March 19, 2015
One of the most-cited advantages of Hadoop is that it enables a “schema-on-read” data analysis strategy. “Schema-on-read” means you do not need to know how you will use your data when you are storing it. This allows you to innovate quickly by asking different and more powerful questions after storing the data. However, few people have actually had hands-on experience with how schema-on-read works behind the scene. In this blog, we will give an example of a schema-on-read approach, outline the mechanics behind it, and give you the opportunity to try it out effortlessly.
“Schema-on-write”
In many traditional data systems, users decide on the schema of their data before loading data into their system. For example, in an RDBMS such as MySQL, you first create a table:
create table users (id int, first_name varchar(64), last_name varchar(64), age int);
and then load data into the table:
load data local infile '/data/new_users_2015-03-17' into table users;
MySQL is then responsible for how the data is written to disk. In almost all systems, your underlying data is closely tied to the schema in order to ensure high performance. This also means that changing your schema often requires rewriting your data. For example, when you add a column to your data:
alter table users add column gender varchar(1);
your data system will often rewrite all your data. Schema-on-write is good when you understand your data, understand how you will access it, and want to enforce the schema you have chosen. However, many times you do not fully understand your data and how you will use it.
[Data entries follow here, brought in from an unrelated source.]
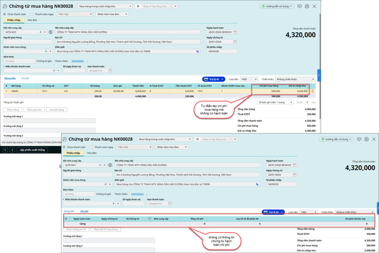 Nguyên nhân: Do đơn vị tự gõ tay số tiền chi phí vào cột Chi phí mua hàng ở chứng từ mua hàng mà không có thêm dòng hạch toán chi phí hoặc chứng từ mua dịch vụ hạch toán chi phí
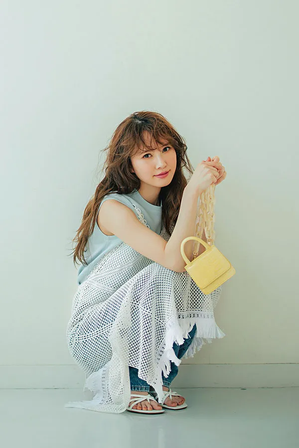 【5】フェミニンワンピにメッシュバッグで夏らしさを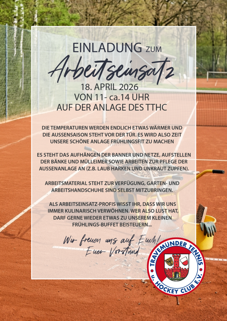„…Volljährige Mitglieder der Tennisabteilung sind verpflichtet, sechs Stunden im Jahr für den Verein in einem Arbeitseinsatz oder in einer Arbeitsgruppe zu arbeiten, anderenfalls ist zum Jahresende ein Betrag in Höhe von 80,00 € zu zahlen.“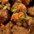 Lammegryde med hele svineriet af forårets friske krydderurter. Dertil en meget pikant tomatsalat.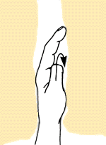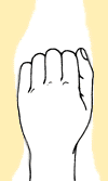 wird durch Beugung verklemmt. Fingerglieder werden gebeugt.

This is especially true for analytics and data mining, where you may have a lot of data that you don’t fully understand yet or don’t all fit the same schema.
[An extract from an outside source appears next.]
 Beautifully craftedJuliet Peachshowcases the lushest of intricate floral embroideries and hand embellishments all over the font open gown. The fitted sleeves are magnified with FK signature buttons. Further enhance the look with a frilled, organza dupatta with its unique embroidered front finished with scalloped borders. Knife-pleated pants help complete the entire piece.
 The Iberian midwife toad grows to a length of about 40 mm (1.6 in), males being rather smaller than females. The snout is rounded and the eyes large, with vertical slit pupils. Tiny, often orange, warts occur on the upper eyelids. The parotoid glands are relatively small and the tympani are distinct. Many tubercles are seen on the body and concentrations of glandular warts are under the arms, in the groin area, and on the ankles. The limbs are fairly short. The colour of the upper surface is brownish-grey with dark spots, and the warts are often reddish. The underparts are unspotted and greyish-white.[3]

“Schema-on-read” with Hadoop
The Hadoop ecosystem provides a cheap and efficient storage file system (HDFS), allowing you to store all the data you have. At write time, you are more concerned about acquiring all the data that might be useful, as opposed to spending cycles on understanding it deeply or processing it in a complex way. In fact, usually those responsible for loading data into your Hadoop cluster are different from those reading the data. Typically, you first put your data on HDFS:
hdfs dfs -put /local/path/userdump /hdfs/path/data/users
and then create a Hive table over your data:
create external table users (id int, first_name string, last_name string, age int) row format delimited fields terminated by ',' location '/hdfs/path/data/users';
This flips the “schema-on-write” model on its head. Before, you would start out by understanding how you need to use your data, design appropriate schemas, and then fit your data to those schemas. Now, you start with your data and add schema to fit your needs. If you decide to add a column to your schema, Hive simply reconfigures the code that reads your data instead of rewriting all of it. In other words, changing the way you use your data no longer changes the way you write it. This flexible approach is much better when you have lots of data that you can use in many different ways, or when you are still trying to understand the data you have.
“Schema-on-read” in Action
Normally, to try this out you would have to set up a cluster with all the relevant Hadoop components. We will instead use the Cask Data Application Platform (CDAP) SDK, which provides an integrated experience while running all those Hadoop components underneath. We will use CDAP to take a hands-on look at how to ingest, explore, and refine your data.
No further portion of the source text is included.